Material shown
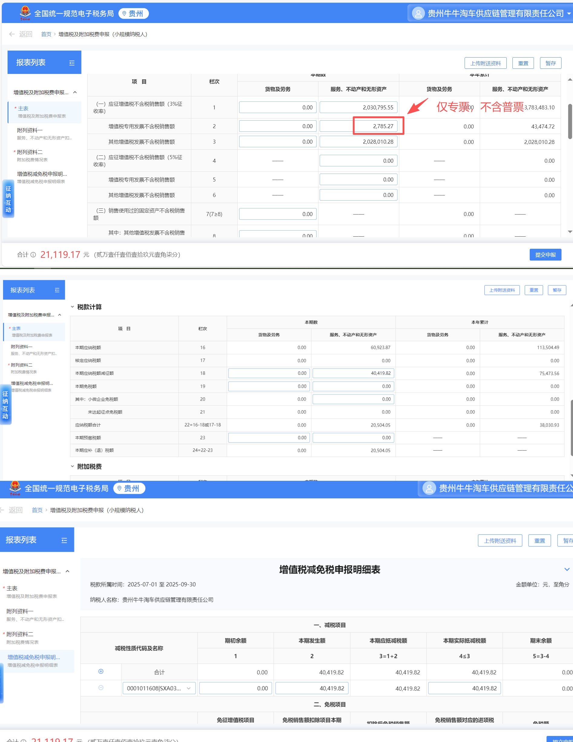 你填的專票不含稅收入是 2785.27元,但系統(tǒng)根據(jù)你開具的專票計(jì)算出的含稅銷售額合計(jì)為:
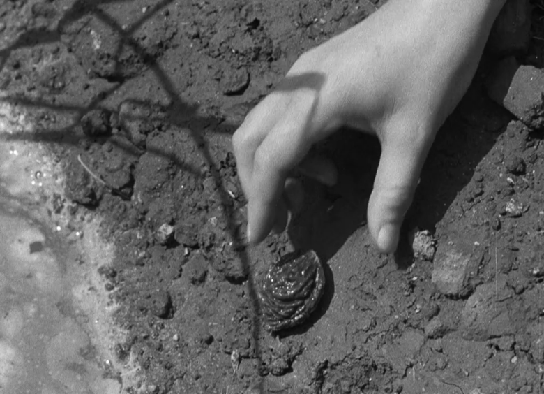 王龙随手扔掉桃核,而阿兰却小心翼翼地捡了起来:
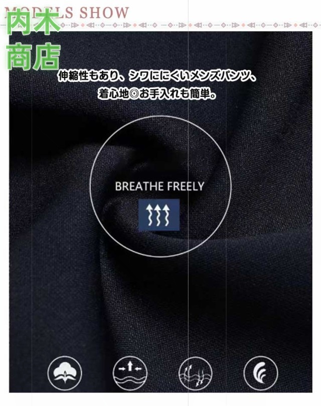 | 伸縮性もあり、シワににくいメンズパンツ、着心地◎お手入れも簡単。 360°方向に伸びる、伸縮性抜群の新素材ハイテンションストレッチを表地に使用しました。 軽くて薄い、ひんやり接触冷感素材、蒸し暑い季節も快適な着用感。 仕事、通勤におすすめのメンズスラックス! | |
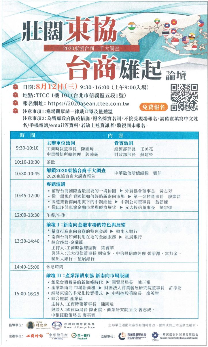 【活動】2020/08/12工商時報「壯闊東協 台商雄起」論壇
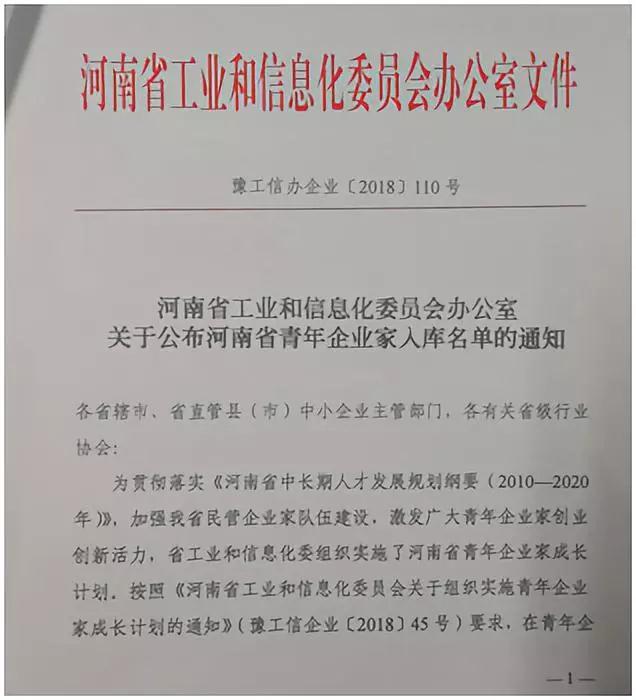 2018年3月,河南省工信委發布《關于組織實施青年企業家成長計劃的通知》,決定組織實施河南省青年企業家成長計劃,從全省篩選一批成長性高、創新能力強的優秀青年企業家,建立青年企業家庫,會同有關單位集聚要素資源進行重點培育。
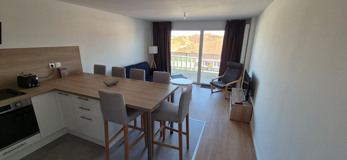 Situé sur la place principale de l’écovillage Pierre et Vacances, village Belle Dune, nous vous proposons notre appartement de 35m². Celui-ci est situé au premier étage avec une vue exceptionnelle sur le lac L’appartement est composé : D’un hall d’entrée D’une cabine avec lits superposés D’une salle de bain WC D’un séjour avec cuisine ouverte, avec canapé-lit 2 places 2 balcons de 7m² donnant sur l'espace aquatique et sur le lac La piscine Aquaclub est ouverte! Entrées non comprises.
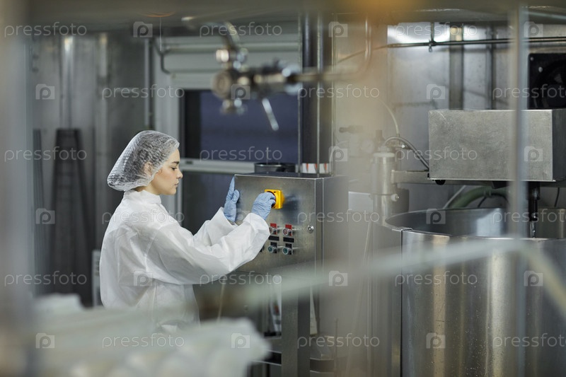 Женщина, работающая с машиной на пищевой фабрике
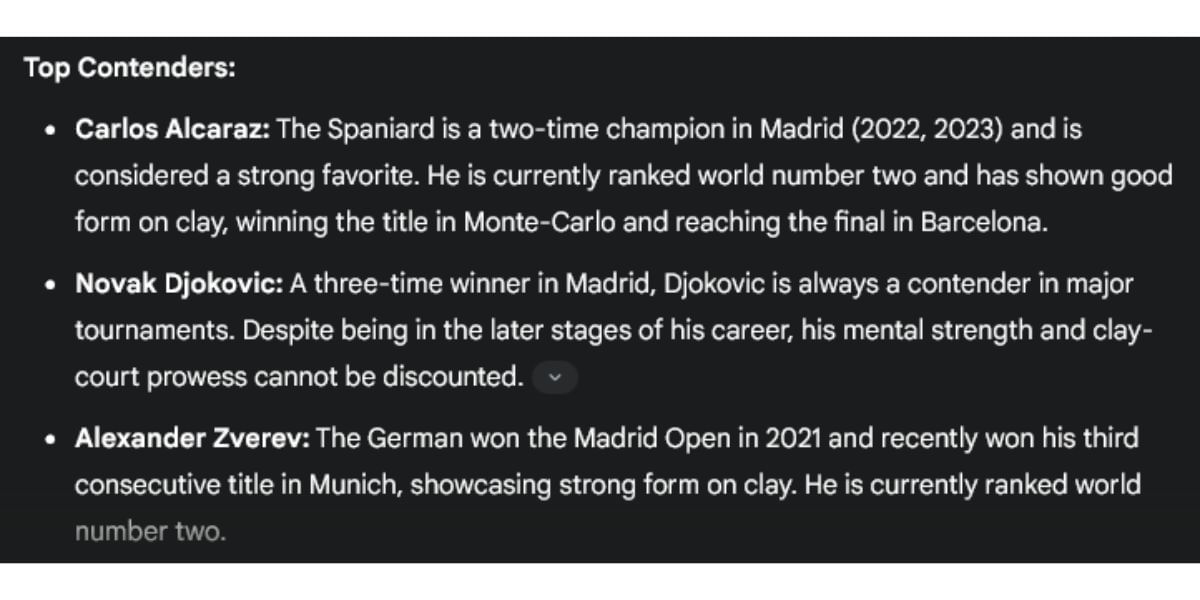 Lastly, the AI chose Zverev as another top choice for the title. Some days ago, he won the BMW Open in Munich, his third title at the venue. He has also reigned supreme in Madrid twice, securing his first title in 2018 and his second triumph in 2021. Given their track record at the tournament, these three are the logical choices to emerge victorious again.

Description of the task
With the pictures removed, return the listing above in its exact original wording.

Task solution
 你填的專票不含稅收入是 2785.27元,但系統(tǒng)根據(jù)你開具的專票計(jì)算出的含稅銷售額合計(jì)為:
 王龙随手扔掉桃核,而阿兰却小心翼翼地捡了起来:
 | 伸縮性もあり、シワににくいメンズパンツ、着心地◎お手入れも簡単。 360°方向に伸びる、伸縮性抜群の新素材ハイテンションストレッチを表地に使用しました。 軽くて薄い、ひんやり接触冷感素材、蒸し暑い季節も快適な着用感。 仕事、通勤におすすめのメンズスラックス! | |
 【活動】2020/08/12工商時報「壯闊東協 台商雄起」論壇
 2018年3月,河南省工信委發布《關于組織實施青年企業家成長計劃的通知》,決定組織實施河南省青年企業家成長計劃,從全省篩選一批成長性高、創新能力強的優秀青年企業家,建立青年企業家庫,會同有關單位集聚要素資源進行重點培育。
 Situé sur la place principale de l’écovillage Pierre et Vacances, village Belle Dune, nous vous proposons notre appartement de 35m². Celui-ci est situé au premier étage avec une vue exceptionnelle sur le lac L’appartement est composé : D’un hall d’entrée D’une cabine avec lits superposés D’une salle de bain WC D’un séjour avec cuisine ouverte, avec canapé-lit 2 places 2 balcons de 7m² donnant sur l'espace aquatique et sur le lac La piscine Aquaclub est ouverte! Entrées non comprises.
 Женщина, работающая с машиной на пищевой фабрике
 Lastly, the AI chose Zverev as another top choice for the title. Some days ago, he won the BMW Open in Munich, his third title at the venue. He has also reigned supreme in Madrid twice, securing his first title in 2018 and his second triumph in 2021. Given their track record at the tournament, these three are the logical choices to emerge victorious again.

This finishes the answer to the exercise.